• Task requirements:
Apart from the pictures, everything in the lines below must be printed exactly.

• Available data:
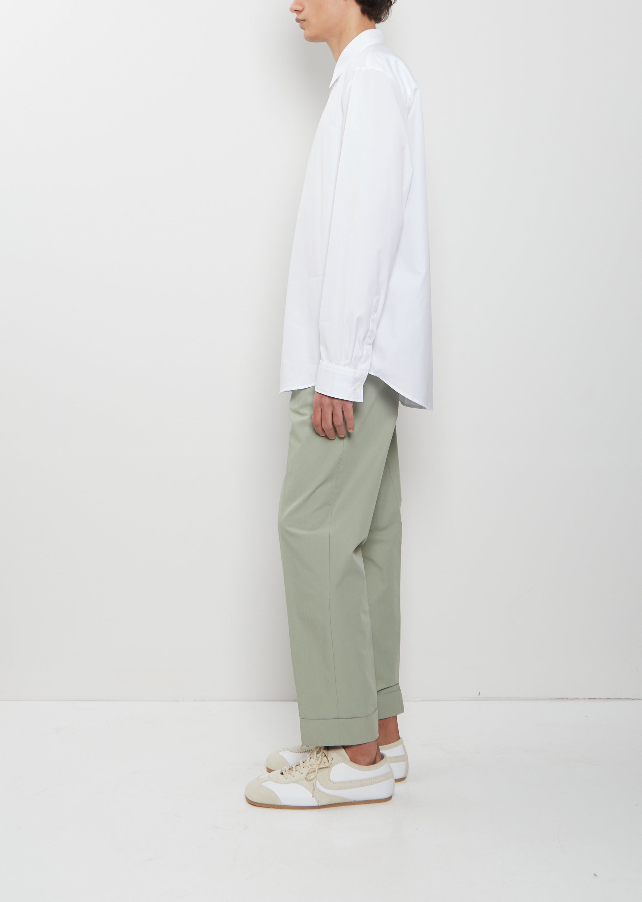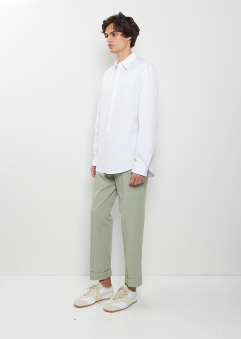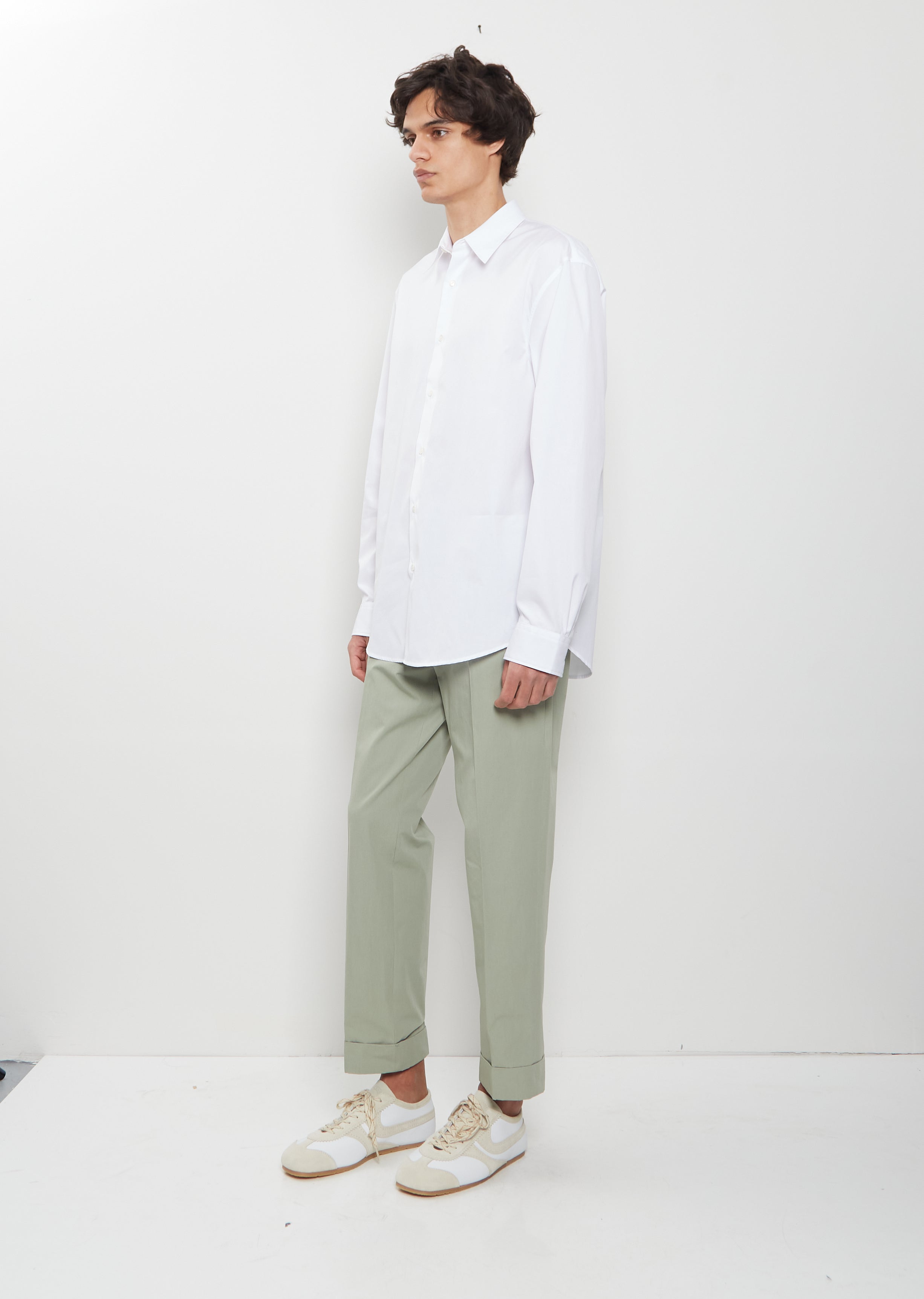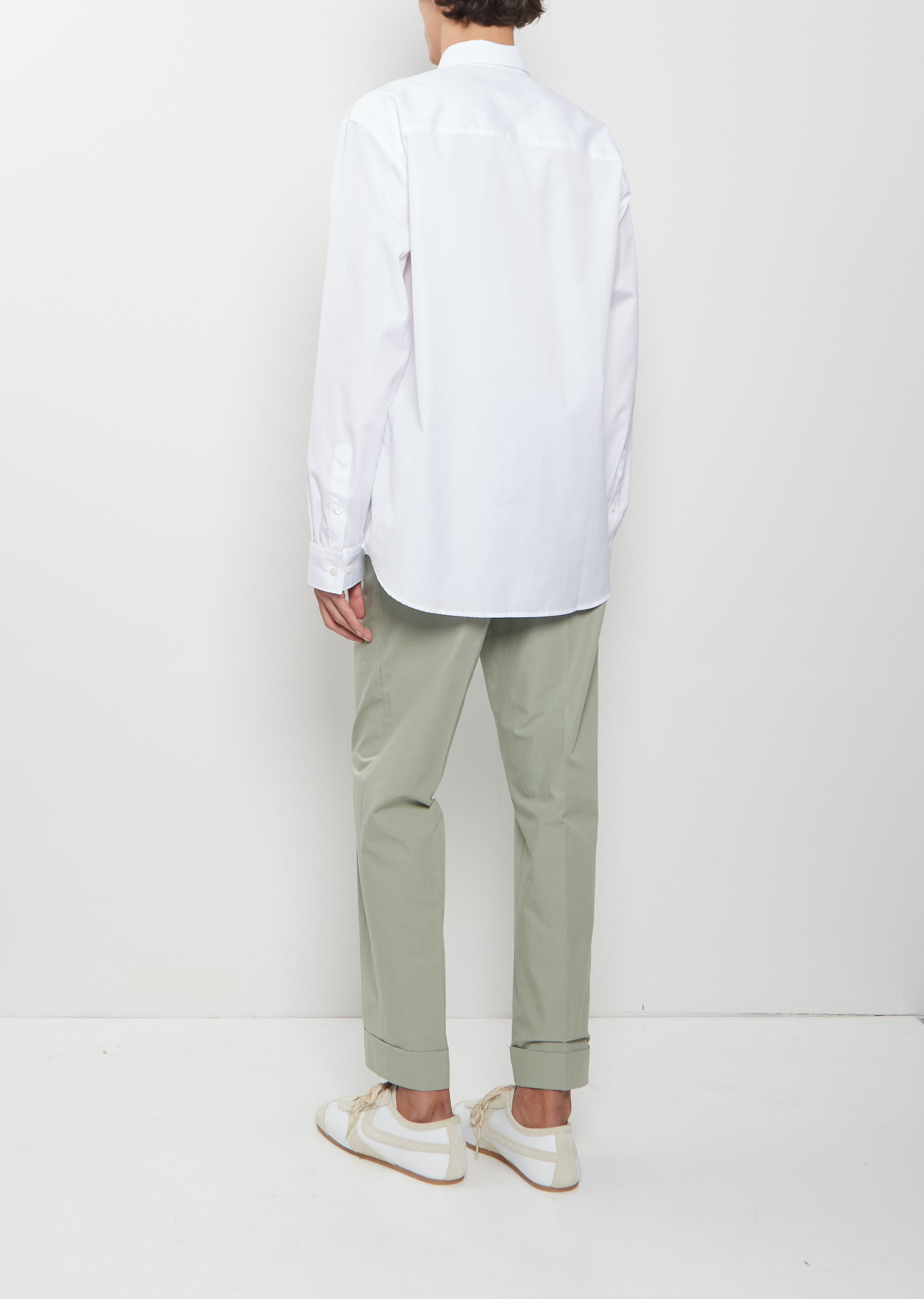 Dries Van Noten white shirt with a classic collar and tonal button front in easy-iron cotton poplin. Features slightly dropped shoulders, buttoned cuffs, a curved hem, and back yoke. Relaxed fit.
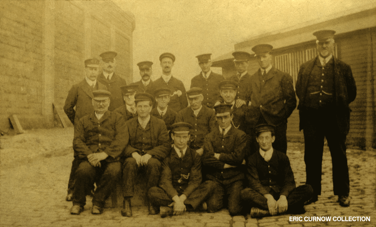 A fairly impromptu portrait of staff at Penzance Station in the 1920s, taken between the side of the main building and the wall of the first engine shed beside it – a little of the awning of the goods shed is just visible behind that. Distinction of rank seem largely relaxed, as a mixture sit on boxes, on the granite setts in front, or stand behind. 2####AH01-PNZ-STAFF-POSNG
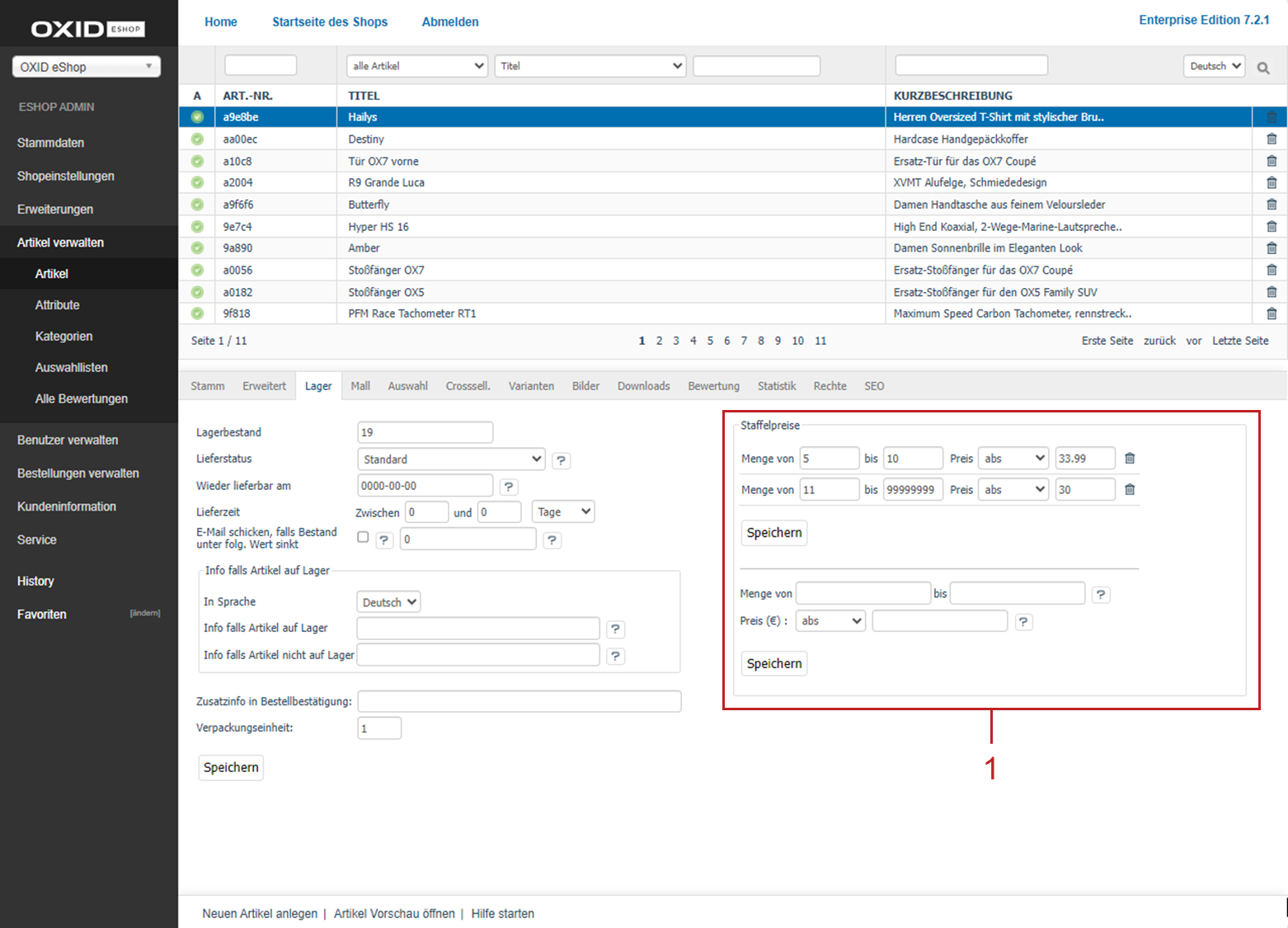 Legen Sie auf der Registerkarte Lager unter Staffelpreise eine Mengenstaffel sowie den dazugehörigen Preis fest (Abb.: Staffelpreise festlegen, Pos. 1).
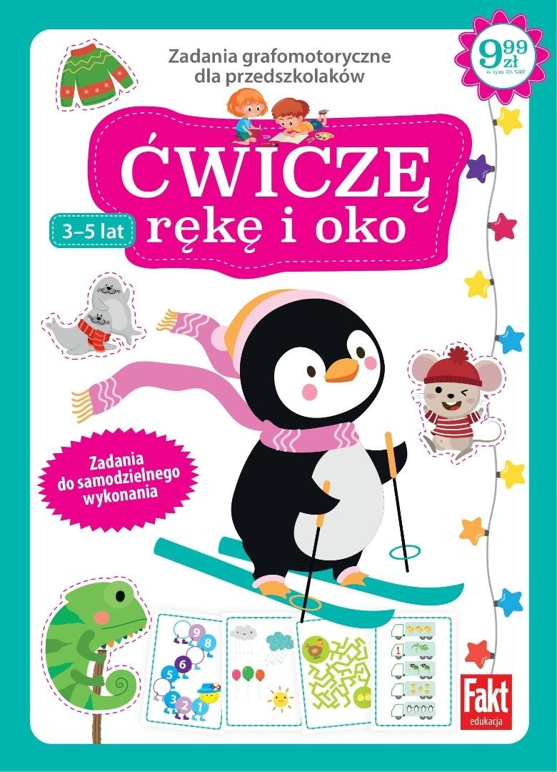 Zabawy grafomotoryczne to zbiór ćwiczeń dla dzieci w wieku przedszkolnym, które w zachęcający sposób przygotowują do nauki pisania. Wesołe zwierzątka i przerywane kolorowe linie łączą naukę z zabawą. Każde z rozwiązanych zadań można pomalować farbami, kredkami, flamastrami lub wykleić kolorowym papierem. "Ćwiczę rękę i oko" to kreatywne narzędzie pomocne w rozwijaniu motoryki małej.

• Reply to the exercise:
 Dries Van Noten white shirt with a classic collar and tonal button front in easy-iron cotton poplin. Features slightly dropped shoulders, buttoned cuffs, a curved hem, and back yoke. Relaxed fit.
 A fairly impromptu portrait of staff at Penzance Station in the 1920s, taken between the side of the main building and the wall of the first engine shed beside it – a little of the awning of the goods shed is just visible behind that. Distinction of rank seem largely relaxed, as a mixture sit on boxes, on the granite setts in front, or stand behind. 2####AH01-PNZ-STAFF-POSNG
 Legen Sie auf der Registerkarte Lager unter Staffelpreise eine Mengenstaffel sowie den dazugehörigen Preis fest (Abb.: Staffelpreise festlegen, Pos. 1).
 Zabawy grafomotoryczne to zbiór ćwiczeń dla dzieci w wieku przedszkolnym, które w zachęcający sposób przygotowują do nauki pisania. Wesołe zwierzątka i przerywane kolorowe linie łączą naukę z zabawą. Każde z rozwiązanych zadań można pomalować farbami, kredkami, flamastrami lub wykleić kolorowym papierem. "Ćwiczę rękę i oko" to kreatywne narzędzie pomocne w rozwijaniu motoryki małej.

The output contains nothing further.